Researchers from NSU and the Institute of Archaeology and Ethnography SB RAS, who excavated the Strashnaya Cave in the Altai region, Russia, during the 2015 field season, found some anthropological materials (calcius) referring to the period of 35-50 thousand years ago. The materials might unveil some interactions between Neanderthals, modern humans and Denisovans in the Altai Region.
Previously found artefacts of this age were only lithic tools, whose analysis suggested the cave’s inhabitants. The anthropological remains found are yet to be studied in the laboratory. They can either confirm the existing theories of anthropogenesis or make researchers adjust them. The first results of the archaeological expedition are reported by the Chairperson of the Archaeology and Ethnography Chair at the Humanities Department of NSU, Dr. Andrey Krivoshapkin.
The Strashnaya Cave is located on the left bank of the River Inya, 2.5km to the north of the village Tigirek (the Altai region). The cave is of great interest for paleontologists and archaeologists. Previous excavations revealed some tools as old as the Stone Age together with different objects such as bone items and ceramic materials belonging to the Bronze Age, Iron Age and Middle Ages.
‘This year was lucky for archaeologists,’ says the scientist. ‘While excavating the Pleistocene layers in the Strashnaya Cave, we found some new anthropological materials. The layer dated 35-40 thousand years old contained a fragment of a human’s nail-bone. A bit lower, we found a fragment of a skull and still lower a fragment of a rib, which could have belonged to a human, but we have to make certain it is so according to the laboratory analysis. The latter findings might be as old as 50 thousand years.’

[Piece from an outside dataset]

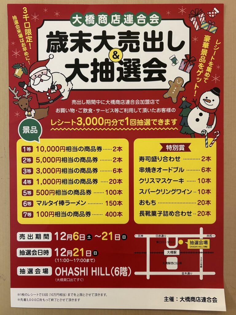 大橋商店連合会「歳末大売出し&大抽選会」開催中です!

If the bone materials discovered contain some organics, genetic analysis will allow identifying whose bones they were. In 1989 some anthropological remains were found in the cave (teeth of a modern human), but they were connected with a later stage of the Upper Paleolithic, about 20 thousand years ago.
‘Ideally, we would like to see the upper layer (the nail-bone) connected with a modern human having some genes of the Neanderthals and the Denisovans; beneath it the Neanderthal man as the tools found look like those of the Chagyrskaya Cave industry, which are definitely Neanderthal; and the oldest fragment be of a Denisovan. But it’s just my fantasy. The results of the genetic research can be surprising. Anyway, they will clarify the issue of interactions between Neanderthals, modern humans and Denisovans in the Altai Region,’ said Dr. Andrey Krivoshapkin.